Aliens Will be Found by 2040'
The Committee on Science, Space and Technology is more interested in aliens than climate change REUTERS/NASA

The US House of Representatives' Committee on Science, Space and Technology have held more hearings on space exploration and the search for extraterrestrial life than on the issue of climate change.

In this session of Congress, as reported by the National Journal, House committees covering US energy and science have held a total of seven hearings to discuss climate change. In the same time period, the two chambers have held a combined 19 hearings about space exploration.

The House Science, Space and Technology Committee, which is led by Rep. Lamar Smith, has held 15 hearings on space exploration. At least three have involved the search for alien life, while the committee has held just two hearings on climate change.

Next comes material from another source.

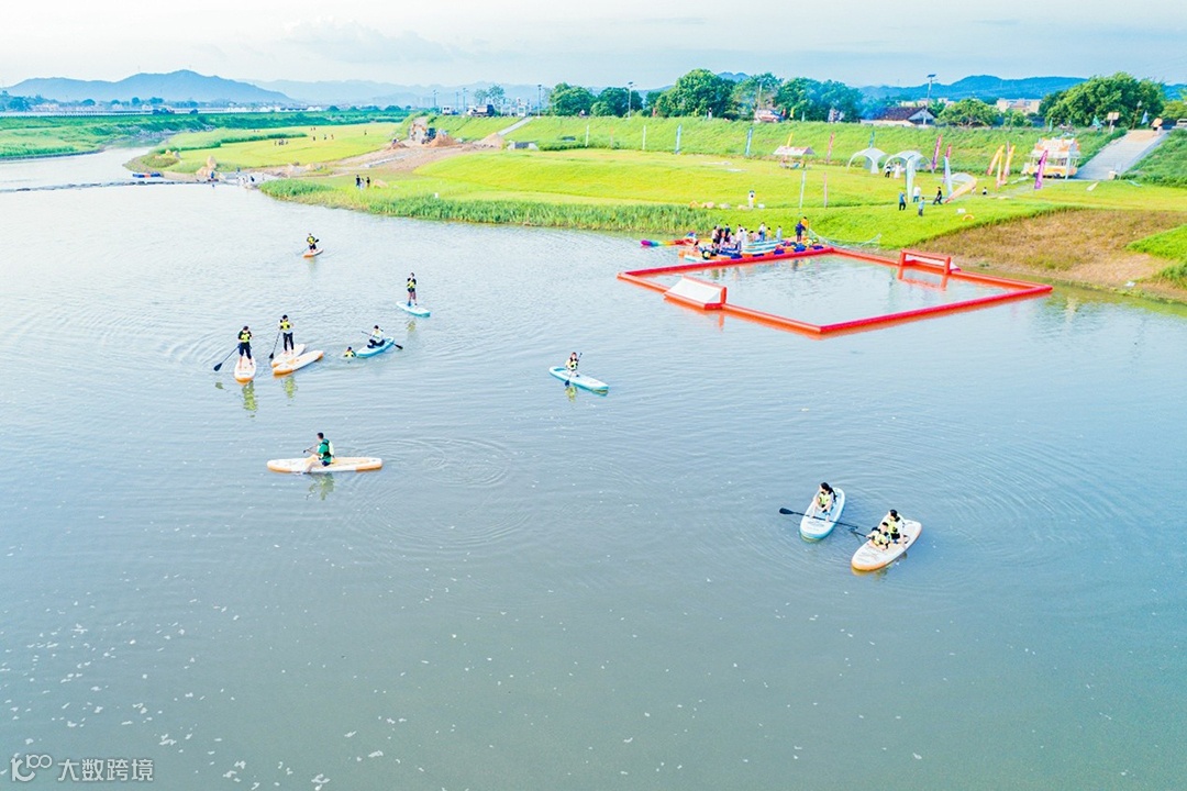 治理优化后的潖江河堤成为露营休闲、水上运动景点。

Meanwhile, in the Democrat-controlled Senate, the Environment and Public Works Committee has held three hearings on this session on climate change, while the Senate Energy and Natural Resources Committee has not had a hearing on the issue since 2012.

The Senate Commerce Science and Space Subcommittee has had one hearing about climate change and four about space.

In a House Science Committee hearing on Wednesday, Seth Shostak, an American astronomer, said that Nasa's Kepler mission had discovered that there are trillions of planets in the Milky Way that could hypothetically support life.

"At least a half-dozen other worlds besides Earth that might have life our in our solar system. The chances of finding it, I think, are good, and if that happens, it'll happen in the next 20 years, depending on the financing," he told the committee, according to The Space Reporter.

Dan Werthimer, co-founder and chief of the Search for Extraterrestrial Intelligence, and Shostak, were invited by Lamar Smith to enlighten the committee with ongoing SETI projects.

SETI is a non-profit organisation which "seeks evidence of life in the universe by looking for some signature of its technology".

"Billions of these planets are Earth sized and in the 'habitable' or so called 'Goldilocks' zone, not too distant from their host star (too cold), and not too close to their star (too hot)," Werthimer said, according to Auto World News.

"And there are billions of other galaxies outside our Milky Way galaxy -- plenty of places where life could emerge and evolve."

While Smith welcomed the discussion on alien life, he has been less open to the notion that global warming is caused by human energy use.

In an article for The Washington Post last year, he wrote: "Climate change is an issue that needs to be discussed thoughtfully and objectively. Contrary to the claims of those who want to strictly regulate carbon dioxide emissions and increase the coast of energy for all Americans, there is a great amount of uncertainty associated with climate science."